- Written by: Brian Anthony; David Comtois; Kevin Burns;
- Directed by: David Comtois; Kevin Burns;
- Narrated by: Roddy Mcdowell
- Country of origin: United States
- Original language: English

Production
- Producers: Shelley Lyons; Brian Anthony;
- Cinematography: Cory Geryak
- Editors: David Comtois; Dustin Ebsen; Steve Rasch;
- Running time: 126 minutes
- Production companies: Van Ness Films; 20th Century Fox Home Entertainment; Foxstar Productions; American Movie Classics;

Original release
- Network: AMC
- Release: September 6, 1998

= Behind the Planet of the Apes =

1998 TV Documentary

Behind the Planet of the Apes is a 1998 American television documentary directed by Kevin Burns and David Comtois who also co-wrote it with Brian Anthony and produced by Foxstar Productions.
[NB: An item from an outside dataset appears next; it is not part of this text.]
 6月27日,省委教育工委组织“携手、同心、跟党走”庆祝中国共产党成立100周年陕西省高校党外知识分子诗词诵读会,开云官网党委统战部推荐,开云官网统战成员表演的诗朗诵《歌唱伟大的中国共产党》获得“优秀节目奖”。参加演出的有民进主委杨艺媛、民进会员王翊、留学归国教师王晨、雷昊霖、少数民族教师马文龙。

It premiered on AMC on September 6, 1998 as part of their two-day 30th anniversary Planet of the Apes marathon.

==Premise==
It focuses on the five films in the original Planet of the Apes series, and is hosted and narrated by Roddy McDowall, who played Cornelius in the 1968 film Planet of the Apes and Escape from the Planet of the Apes and his son Caesar in Conquest of the Planet of the Apes and Battle for the Planet of the Apes. The documentary premiered on AMC to commemorate the thirtieth anniversary of the first 1968 film.
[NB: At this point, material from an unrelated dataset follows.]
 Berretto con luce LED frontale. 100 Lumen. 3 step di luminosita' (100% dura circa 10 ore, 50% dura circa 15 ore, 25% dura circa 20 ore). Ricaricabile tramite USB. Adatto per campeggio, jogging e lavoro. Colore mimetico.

The documentary discusses the ideas and works that led to the production of the films and franchise, including two television series, one live action and one animated for children. The documentary begins with the original novel written by author Pierre Boulle and how it caught the interest of producer Arthur P. Jacobs, who brought it to 20th Century Fox. The development and production of each film is discussed, including casting, costume design, filming locations and behind the scenes footage.

==Release==
The documentary was included in the 2001 DVD box set of the classic films. It was later included as part of the bonus features on the 2008 Blu-ray release of the original film, with interactivity features added and an original promo for the documentary.